* _Your task_:
What is needed is an exact copy of the whole listing below, with no pictures.

START Exercise data

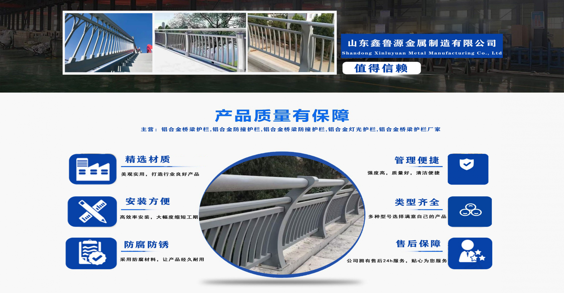 山東鑫魯源金屬制造有限公司主要經營:鋁合金橋梁護欄,鋁合金防撞護欄,鋁合金橋梁防撞護欄,鋁合金燈光護欄,不鋁合金橋梁護欄廠家,環波梁橋梁護欄,環波梁防撞護欄。質量可靠、經濟實用的顯著特點。公司為客戶提供可靠售后保障,堅持“以品質立足、服務求發展”,愿與各界朋友精誠合作、攜手發展!  服務優勢:真誠的服務理念、完善的服務體系。公司專業力量充足;工程案例眾多、從業經驗豐富;公司以可靠質量的產品,合理的價格,完善的售后服務,能夠滿足市場各個企業的需求。  企業精神:執著追求 持續創新執著追求,就是堅持不懈、堅定從容,專注于自己的事業,把能做的事情做好,不斷克服困難、把握機遇,贏得未來。  持續創新,就是生命不息、創新不止,通過持續實施技術創新、管理創新、市場創新,獲取持續的競爭優勢。...
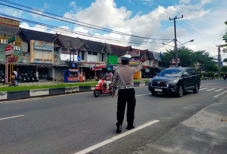 Di Jalan A. Yani simpang Jalan Ais Nasution, Kota Palangka Raya, guna memastikan kelancaran dan keselamatan pengguna jalan, khususnya pada saat jam kepulangan siswa/i SMP dan SMU.
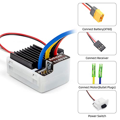 LOW SELF-HEATING si adatta al corpo del bagagliaio chiuso. LINEAR SMOOTH CONTROL sia in avanti che all'indietro è perfetto per cingoli RC, auto alla deriva e monster truck.
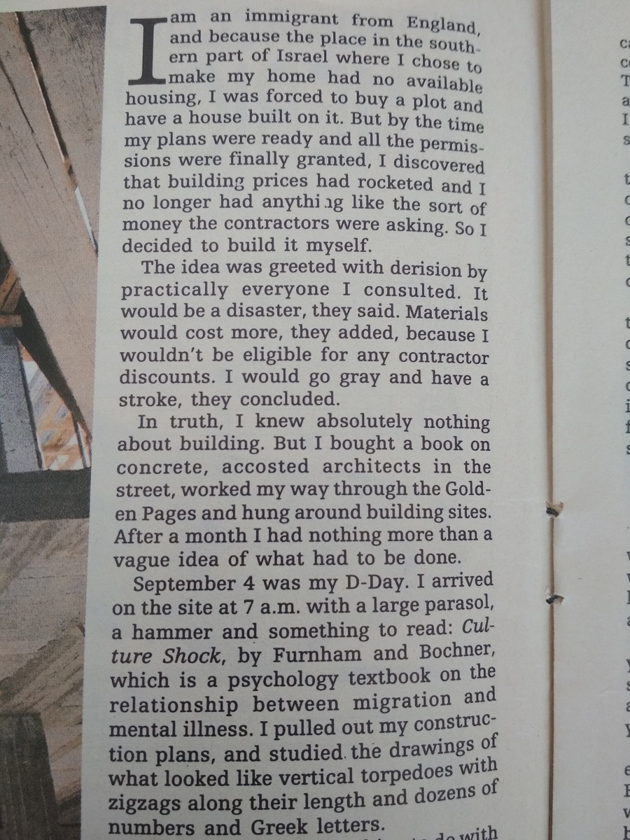 They were selling half-dunam parcels of land for $2000. I borrowed the money from my friend Simon in Paris and bought a plot very close to the cliff.Because I had no job I had a lot of time on my hands, I thought I might try to build the house myself, how complicated could it be? At some point in the process a journalist who happened to be a relative thought this would make a good story; he said that if I wrote it up he would put it in the Jerusalem Post…

END Exercise data

* _Task solution_:
 山東鑫魯源金屬制造有限公司主要經營:鋁合金橋梁護欄,鋁合金防撞護欄,鋁合金橋梁防撞護欄,鋁合金燈光護欄,不鋁合金橋梁護欄廠家,環波梁橋梁護欄,環波梁防撞護欄。質量可靠、經濟實用的顯著特點。公司為客戶提供可靠售后保障,堅持“以品質立足、服務求發展”,愿與各界朋友精誠合作、攜手發展!  服務優勢:真誠的服務理念、完善的服務體系。公司專業力量充足;工程案例眾多、從業經驗豐富;公司以可靠質量的產品,合理的價格,完善的售后服務,能夠滿足市場各個企業的需求。  企業精神:執著追求 持續創新執著追求,就是堅持不懈、堅定從容,專注于自己的事業,把能做的事情做好,不斷克服困難、把握機遇,贏得未來。  持續創新,就是生命不息、創新不止,通過持續實施技術創新、管理創新、市場創新,獲取持續的競爭優勢。...
 Di Jalan A. Yani simpang Jalan Ais Nasution, Kota Palangka Raya, guna memastikan kelancaran dan keselamatan pengguna jalan, khususnya pada saat jam kepulangan siswa/i SMP dan SMU.
 LOW SELF-HEATING si adatta al corpo del bagagliaio chiuso. LINEAR SMOOTH CONTROL sia in avanti che all'indietro è perfetto per cingoli RC, auto alla deriva e monster truck.
 They were selling half-dunam parcels of land for $2000. I borrowed the money from my friend Simon in Paris and bought a plot very close to the cliff.Because I had no job I had a lot of time on my hands, I thought I might try to build the house myself, how complicated could it be? At some point in the process a journalist who happened to be a relative thought this would make a good story; he said that if I wrote it up he would put it in the Jerusalem Post…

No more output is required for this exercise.